━━ GIVEN DATA
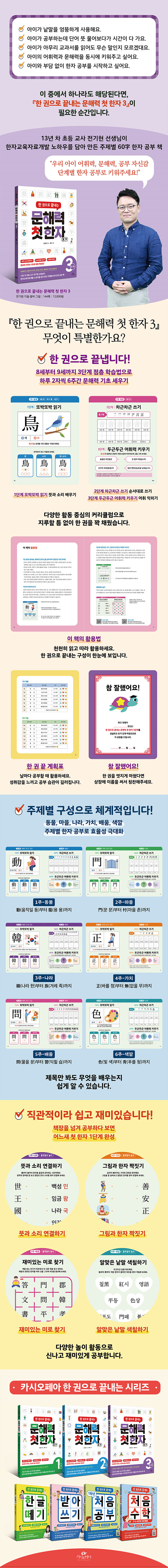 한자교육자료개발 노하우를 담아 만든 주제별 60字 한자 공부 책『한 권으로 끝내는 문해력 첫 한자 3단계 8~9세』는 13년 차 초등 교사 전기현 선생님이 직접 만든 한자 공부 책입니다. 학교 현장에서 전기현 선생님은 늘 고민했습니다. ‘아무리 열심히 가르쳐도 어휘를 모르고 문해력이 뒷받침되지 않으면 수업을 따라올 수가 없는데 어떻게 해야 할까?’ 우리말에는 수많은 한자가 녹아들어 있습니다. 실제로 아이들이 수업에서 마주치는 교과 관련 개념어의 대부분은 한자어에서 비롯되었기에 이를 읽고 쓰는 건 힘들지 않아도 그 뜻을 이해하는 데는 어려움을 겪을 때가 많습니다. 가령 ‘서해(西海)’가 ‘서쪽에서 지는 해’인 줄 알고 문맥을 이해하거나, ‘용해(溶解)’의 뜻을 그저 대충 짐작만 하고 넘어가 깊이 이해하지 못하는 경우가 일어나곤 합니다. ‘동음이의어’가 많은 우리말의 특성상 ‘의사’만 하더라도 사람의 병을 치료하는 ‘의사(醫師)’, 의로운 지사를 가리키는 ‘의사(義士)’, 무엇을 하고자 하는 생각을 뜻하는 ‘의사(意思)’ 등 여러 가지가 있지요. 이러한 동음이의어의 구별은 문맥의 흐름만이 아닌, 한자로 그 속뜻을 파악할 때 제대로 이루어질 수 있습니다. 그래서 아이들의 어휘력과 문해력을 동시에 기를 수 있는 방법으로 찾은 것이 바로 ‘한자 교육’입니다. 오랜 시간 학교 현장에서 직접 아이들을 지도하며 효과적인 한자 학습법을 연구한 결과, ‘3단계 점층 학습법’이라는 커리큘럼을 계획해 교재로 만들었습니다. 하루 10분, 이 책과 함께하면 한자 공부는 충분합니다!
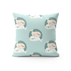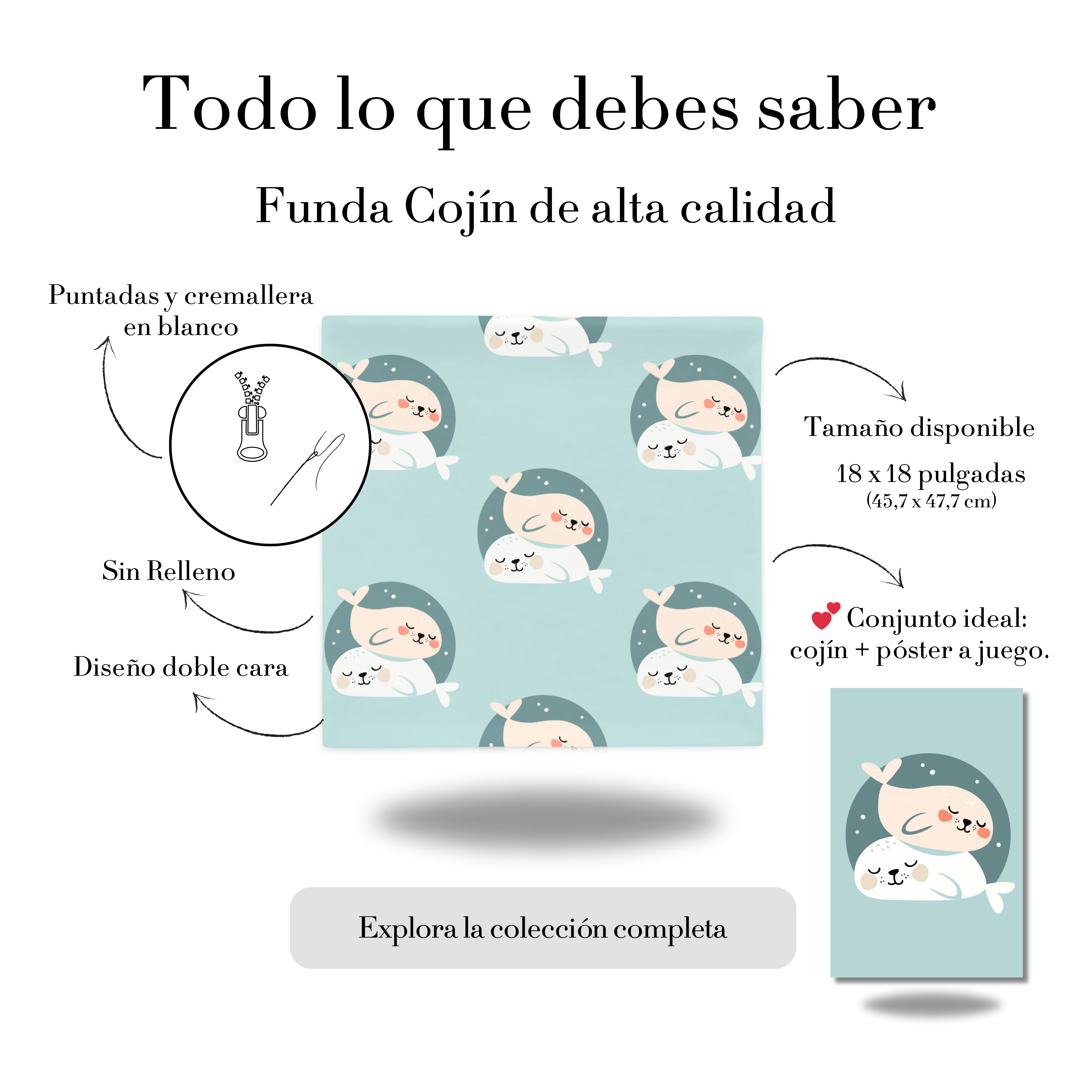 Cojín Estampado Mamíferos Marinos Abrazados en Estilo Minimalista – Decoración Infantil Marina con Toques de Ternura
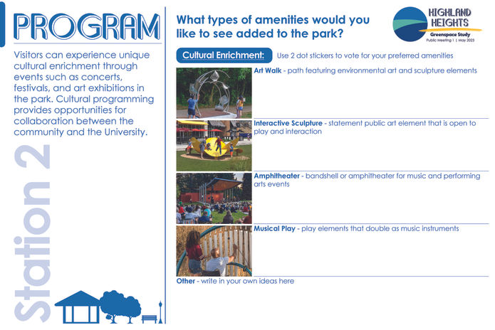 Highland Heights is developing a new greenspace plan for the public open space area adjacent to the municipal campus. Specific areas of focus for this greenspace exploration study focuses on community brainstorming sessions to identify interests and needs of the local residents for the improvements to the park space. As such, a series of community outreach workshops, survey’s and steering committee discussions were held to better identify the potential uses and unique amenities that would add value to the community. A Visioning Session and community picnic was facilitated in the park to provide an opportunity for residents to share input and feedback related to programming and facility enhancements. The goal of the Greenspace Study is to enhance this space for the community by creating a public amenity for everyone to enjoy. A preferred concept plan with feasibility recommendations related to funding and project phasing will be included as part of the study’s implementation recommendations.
━━━━
→ REQUIREMENT
Line by line, output the material above exactly, passing over the pictures.

→ FINAL ANSWER
 한자교육자료개발 노하우를 담아 만든 주제별 60字 한자 공부 책『한 권으로 끝내는 문해력 첫 한자 3단계 8~9세』는 13년 차 초등 교사 전기현 선생님이 직접 만든 한자 공부 책입니다. 학교 현장에서 전기현 선생님은 늘 고민했습니다. ‘아무리 열심히 가르쳐도 어휘를 모르고 문해력이 뒷받침되지 않으면 수업을 따라올 수가 없는데 어떻게 해야 할까?’ 우리말에는 수많은 한자가 녹아들어 있습니다. 실제로 아이들이 수업에서 마주치는 교과 관련 개념어의 대부분은 한자어에서 비롯되었기에 이를 읽고 쓰는 건 힘들지 않아도 그 뜻을 이해하는 데는 어려움을 겪을 때가 많습니다. 가령 ‘서해(西海)’가 ‘서쪽에서 지는 해’인 줄 알고 문맥을 이해하거나, ‘용해(溶解)’의 뜻을 그저 대충 짐작만 하고 넘어가 깊이 이해하지 못하는 경우가 일어나곤 합니다. ‘동음이의어’가 많은 우리말의 특성상 ‘의사’만 하더라도 사람의 병을 치료하는 ‘의사(醫師)’, 의로운 지사를 가리키는 ‘의사(義士)’, 무엇을 하고자 하는 생각을 뜻하는 ‘의사(意思)’ 등 여러 가지가 있지요. 이러한 동음이의어의 구별은 문맥의 흐름만이 아닌, 한자로 그 속뜻을 파악할 때 제대로 이루어질 수 있습니다. 그래서 아이들의 어휘력과 문해력을 동시에 기를 수 있는 방법으로 찾은 것이 바로 ‘한자 교육’입니다. 오랜 시간 학교 현장에서 직접 아이들을 지도하며 효과적인 한자 학습법을 연구한 결과, ‘3단계 점층 학습법’이라는 커리큘럼을 계획해 교재로 만들었습니다. 하루 10분, 이 책과 함께하면 한자 공부는 충분합니다!
 Cojín Estampado Mamíferos Marinos Abrazados en Estilo Minimalista – Decoración Infantil Marina con Toques de Ternura
 Highland Heights is developing a new greenspace plan for the public open space area adjacent to the municipal campus. Specific areas of focus for this greenspace exploration study focuses on community brainstorming sessions to identify interests and needs of the local residents for the improvements to the park space. As such, a series of community outreach workshops, survey’s and steering committee discussions were held to better identify the potential uses and unique amenities that would add value to the community. A Visioning Session and community picnic was facilitated in the park to provide an opportunity for residents to share input and feedback related to programming and facility enhancements. The goal of the Greenspace Study is to enhance this space for the community by creating a public amenity for everyone to enjoy. A preferred concept plan with feasibility recommendations related to funding and project phasing will be included as part of the study’s implementation recommendations.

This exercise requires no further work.